De soldado a compañero: la conversión de San Ignacio

La historia de este Personaje a Contracorriente, San Ignacio de Loyola, es una historia de conversión total. Una conversión que impactó mucho más allá de su propia vida. Una conversión que hace que más de 500 años después siga teniendo sentido escribir sobre ella.

Nació en 1491 en Azpeitía, España, un año antes del descubrimiento de América. Arribó al mundo cobijado por una familia noble del País Vasco, lo que en esa época feudal no era poca cosa.

Pero no era una familia más. En años posteriores un cronista catalogaría a su familia como una de las “más desastrosas que nuestro país tuvo que soportar, una de esas familias vascas que portaba un escudo de armas sobre su puerta principal, para justificar mejor las fechorías que eran el tejido y el patrón de su vida”.

Con esos antecedentes, es fácil entender la personalidad que fue desarrollando Iñigo (todavía no tomaba el nombre de Ignacio) en ese entonces.
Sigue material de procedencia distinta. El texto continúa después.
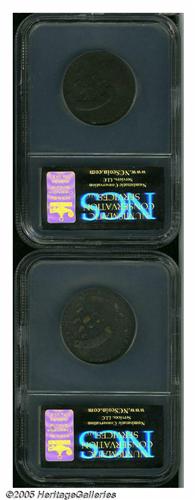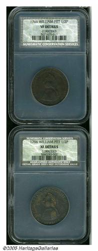 <B>1766<1/2P> Pitt Halfpenny VF Details, Corroded, NCS,</B></I> Breen-251, only mildly granular, medium lavender-brown toning, some weakness of strike on FRIENDS OF LIBERTY; and a <B>1766 Pitt Halfpenny, XF Details, Corroded, NCS,</B></I> Breen-251, possibly silvered, golden-brown highlights but mostly deep grainy steel-gray in color, types and legends are clear. Listed on page 35 of the 2005 <I>Guide Book.</B></I>

Quien llegaría a convertirse en santo, en su juventud fue un tipo conflictivo, violento y frecuentador de placeres mundanos.

En su horizonte no había más que lo típico del miembro de una familia noble en medio de un contexto sociopolítico muy violento: ser un exitoso y respetado militar.

Su libreto parecía estar escrito y pudo tener un final anticipado el 20 de mayo de 1521. Con casi 30 años, participando en una lucha contra los franceses en el norte de Castilla y defendiendo el castillo de Pamplona, recibió una bala de cañón que le rompió una pierna. Y que quebró también su historia.

De ahí en más, todo cambiaría. Durante su larga y dolorosa recuperación, este joven convaleciente pasó muchas horas leyendo textos religiosos que lo acercaron de manera inesperada a Jesús y a la profundización de su fe católica.

El cambio fue radical. Una vez recuperada la capacidad para caminar, se propuso peregrinar a Jerusalén, parando antes en Montserrat y Manresa.

En Monserrat comenzó a tomar forma la idea de hacer penitencia por los pecados que había cometido y también el dejar atrás los lujos que lo habían acompañado hasta entonces.

Con esa nueva mentalidad llegó a Manresa, donde vivió durante 10 meses con gran austeridad, prácticamente como un mendigo. En ese lugar formuló sus Ejercicios Espirituales, que siguen guiando a miles de personas en la actualidad para poder conectarse con Jesús y personalmente por medio de la meditación y la espiritualidad.

Hasta entonces, su norte era llevar adelante una vida puramente contemplativa, pero paulatinamente comenzó a descubrir un llamado a ser “contemplativo en la acción”. Desde luego, para llevar adelante su misión necesitaba compañeros.

Tras volver de Tierra Santa se trasladó a Francia para estudiar Filosofía. En la universidad de París conoció a quienes serían sus primeros compañeros. Pedro Fabro y San Francisco Javier destacaban en un grupo de seis hombres que se sumaron a San Ignacio.

En 1534 los siete juraron “servir a nuestro señor, dejando todas las cosas del mundo” y fundaron la Sociedad de Jesús, que antecedería a la Compañía.

Durante los años siguientes, Ignacio visitó a los familiares de sus compañeros, entregando cartas y recados. Pasó 1536 estudiando en Venecia.

En 1537, los siete compañeros se juntaron en Roma, donde Ignacio sería ordenado sacerdote un año después. Además, obtuvieron el permiso oral del Papa Pablo III, quien entregó la confirmación oficial de la orden en 1540. Así nació la Compañía de Jesús, siendo esto el remate de lo que había comenzado en Manresa con los ejercicios espirituales. El horizonte estaba claro: ser compañeros de Jesús, alistados bajo su bandera, para emplearse en el servicio de Dios y bien del prójimo.

Ignacio fue elegido General y encargado de redactar las constituciones. De golpe, se les asignaron diversos apostolados y el Papa los envió a distintas misiones. En ese momento comenzó la dispersión, con San Francisco Javier como principal abanderado por Portugal, la India, Indonesia, Japón y China.

Al final de sus días, la Compañía de Jesús estaba formada por más de mil personas y se extendía por los cuatro continentes conocidos. Ignacio murió en Roma el 31 de julio de 1556. Fue beatificado por el Papa Paulo V el 27 de julio de 1609 y canonizado el 12 de marzo de 1622. Ha sido declarado Celestial Patrono de los Ejercicios Espirituales.